Collins was also the only other Senate Republican to vote with Hawley and Democrats for the vote-a-rama Medicaid amendment in February.

Her up-in-the-air standing is nothing new for the GOP, especially on a single-party effort. Eight years ago, Collins was a split decision on the GOP’s two reconciliation bills.

She voted alongside Murkowski and the late Sen. John McCain (R-Ariz.) against the party’s plan to repeal the Affordable Care Act. Months later, though, she backed the Tax Cuts and Jobs Act. The GOP’s current tax agenda would likely make those 2017 cuts permanent.

Sen. Rand Paul (R-Ky.), seen May 14, has been a vocal critic of the House’s “One Big Beautiful Bill.”

Sen. Rand Paul (R-Ky.)

If there’s one Republican senator who is the most likely to oppose the package at the end of the day, it’s Paul.

The Kentucky Republican has been a loud critic of the bill over its inclusion of a debt ceiling hike and lack of deficit reduction.

Paul has made clear that his red line for any bill is a debt ceiling increase. But Republicans on both sides of the Capitol are seemingly intent on following through on Trump’s wishes to include it and help the party avoid giving Democratic concessions in any possible negotiation.

This means that without any changes, Paul will be a “no,” and Senate GOP leaders have less breathing room than they had hoped, capping their votes at 52 in the process.

“I’ve told them if they’ll take the debt ceiling off of it, I’ll consider voting for it,” Paul said last week after the House vote about his talks with GOP leadership. “It’s not conservative; I can’t support it.”

“The spending reductions are imperfect, and I think wimpy, but I’d still vote for the package if I didn’t have to vote to raise the debt ceiling,” he added.

Sen. Ron Johnson (R-Wis.)

Senate GOP leaders have long had to worry about the concerns of moderates, but it’s Johnson and his fellow conservatives who are making their complaints known over what they view as unacceptable levels of cuts.

Johnson has not gone nearly as far as Paul in saying he is prepared to oppose a final bill, but he has hinted that conservatives may throw their weight around.

“We need to be responsible, and the first goal of our budget reconciliation process should be to reduce the deficit,” Johnson told CNN last weekend. “This actually increases it.”

“I think we have enough [senators] to stop the process until the president gets serious about the spending reduction and reducing the deficit,” Johnson added.

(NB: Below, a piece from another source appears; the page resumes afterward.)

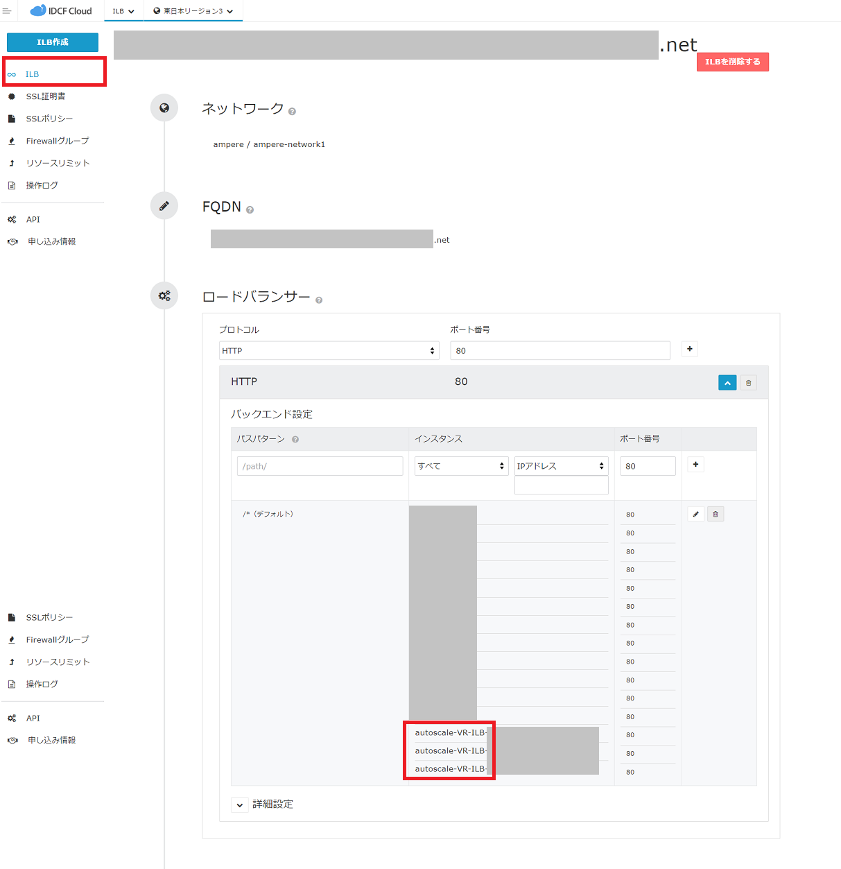 ILBの作成方法は「インフィニットLB」を活用したWebサーバーの負荷分散 の 「1. インフィニットLBの作成」をご参照ください。 - フロントエンドプロトコル、フロントエンドポート番号、バックエンドプロトコル、バックエンドポート番号をクラウドコンソールから取得してメモしておきます。

Johnson has been vocal about his desire to see greater spending reductions, pointing to the roughly $4 trillion the bill would add to the deficit in its current form.

He has voiced a preference to move toward pre-COVID spending levels, arguing that this is the U.S.’s last chance to do so.

Sen. Thom Tillis (R-N.C.)

Tillis, a moderate-leaning senator eyeing what could be a close reelection race in 2026, has aired multiple points of concern, headlined by the axing of energy tax incentives in the bill.

He has told colleagues that the swift termination of the credits enacted by the Inflation Reduction Act will cause major harm to numerous companies in North Carolina and force them to scramble after years of planning.

He pointed specifically to former President Biden’s abrupt killing of the Keystone XL Pipeline four years ago and how it has left investors second-guessing whether to back similar projects.

“A wholesale repeal, or the termination of certain individual credits, would create uncertainty, jeopardizing capital allocation, long-term project planning, and job creation in the energy sector and across our broader economy,” Tillis, Murkowski and Sen. John Curtis (R-Utah) wrote to Thune back in early April.

Adding to the drama for Tillis, he is staring down one of the two most contentious Senate races on the 2026 map, forcing him to shore up potential weak points as Democrats look to pounce — and giving leadership an incentive to hand him a win for his voters back home.